Все мои мечты были разрушены в одно мгновение; я чувствовал себя таким ничтожным, таким неудачным отражением Того, по Чьему образу и подобию был создан. И вот мое возлюбленное создание, в которое я вложил свою душу, свои живые мысли, полетело в огонь.
— Антонио! — вскричала очутившаяся возле меня маленькая игуменья и бросилась было к отверстию камина, чтобы выхватить загоревшиеся листы, но впопыхах поскользнулась и упала возле самого огня. Я пережил ужасное мгновение! Она громко вскрикнула, я бросился к ней и поднял ее. Когда в комнату испуганно вбежали другие, от моей поэмы уже ничего не осталось.
— Иисус, Мария! — вскричала Франческа, увидев лежавшую на моих руках смертельно бледную маленькую игуменью. Фламиния сейчас же подняла голову, улыбнулась и сказала матери:
— Я поскользнулась! Но ничего, я только обожгла руку! Не случись тут Антонио, могло бы быть гораздо хуже! — Я стоял, как преступник, не в состоянии вымолвить ни слова. Фламиния сильно обожгла себе левую руку; весь дом переполошился. Никто не узнал, что поэма моя сгорела, и я все ждал, что вот-вот кто-нибудь да спросит о ней, но ошибся. Сам я не напоминал о ней, и другие не вспоминали. Так-таки никто? Никто, кроме Фламинии, доброго гения всей семьи. Ее доброта, ее участие пробуждали во мне иногда мое прежнее детское доверие к людям. Я сильно привязался к ней. Рука ее болела больше двух недель, бедняжка очень страдала от ожога, но не меньше страдал за нее и я.
— Фламиния! Это я виноват во всем! — сказал я однажды, когда мы сидели с ней вдвоем. — Из-за меня вы теперь страдаете.
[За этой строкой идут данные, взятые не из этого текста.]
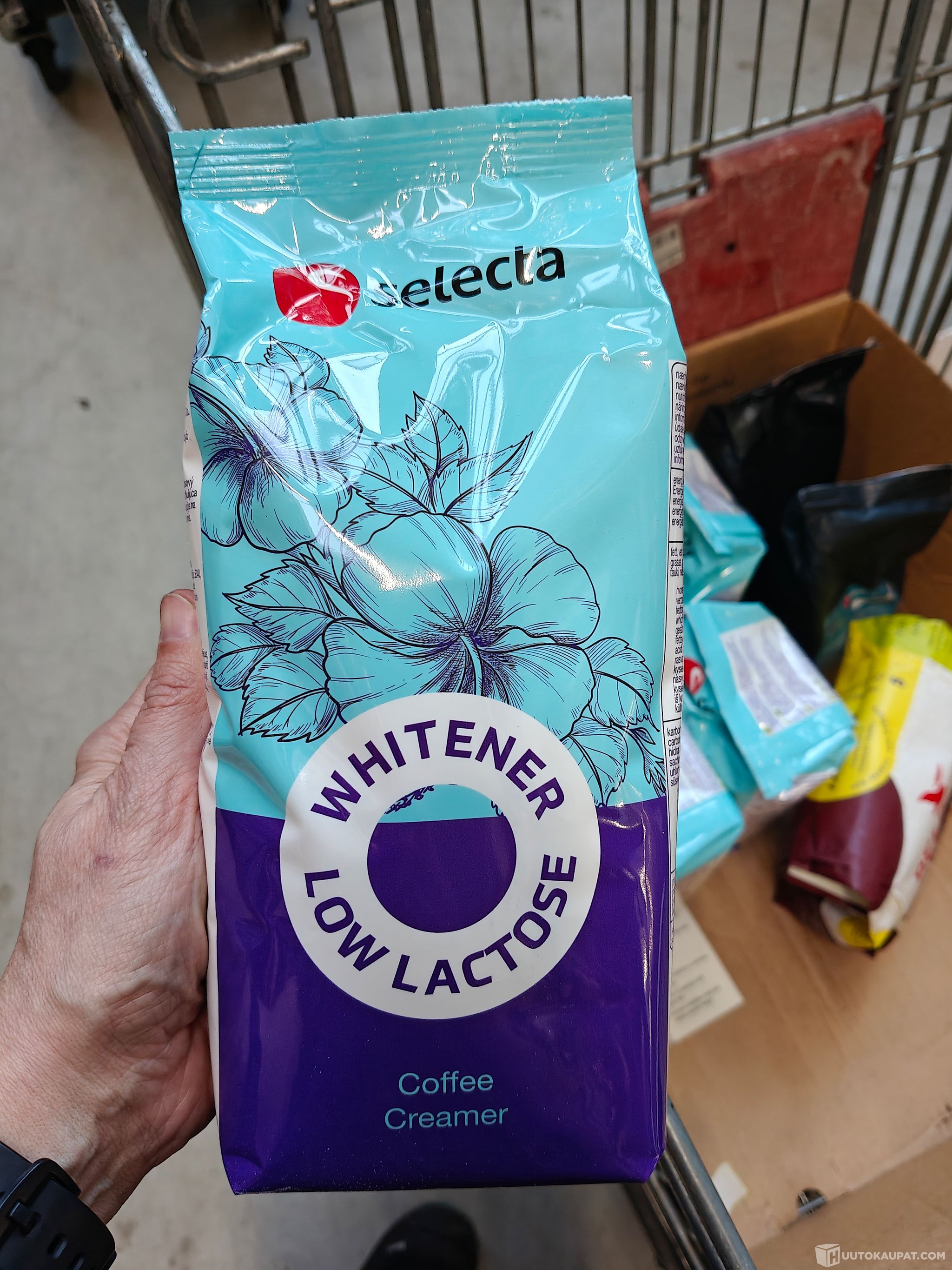 3 ltk creamer, kasvisrasvajauhe, Vähälaktoosinen kasvirasvasekoite, jota käytetään maidokkeena kahviautomaateissa.

— Антонио! Ради Бога, ни слова об этом! — ответила она. — Ты несправедливо обвиняешь себя: я поскользнулась, и, не будь тут тебя, действительно могло случиться несчастье! Я должна благодарить тебя! То же думают и отец с матерью. Они очень любят тебя, Антонио; больше, чем ты думаешь!
— Я знаю, что я всем обязан им! — ответил я. — И благодеяния их с каждым днем еще возрастают!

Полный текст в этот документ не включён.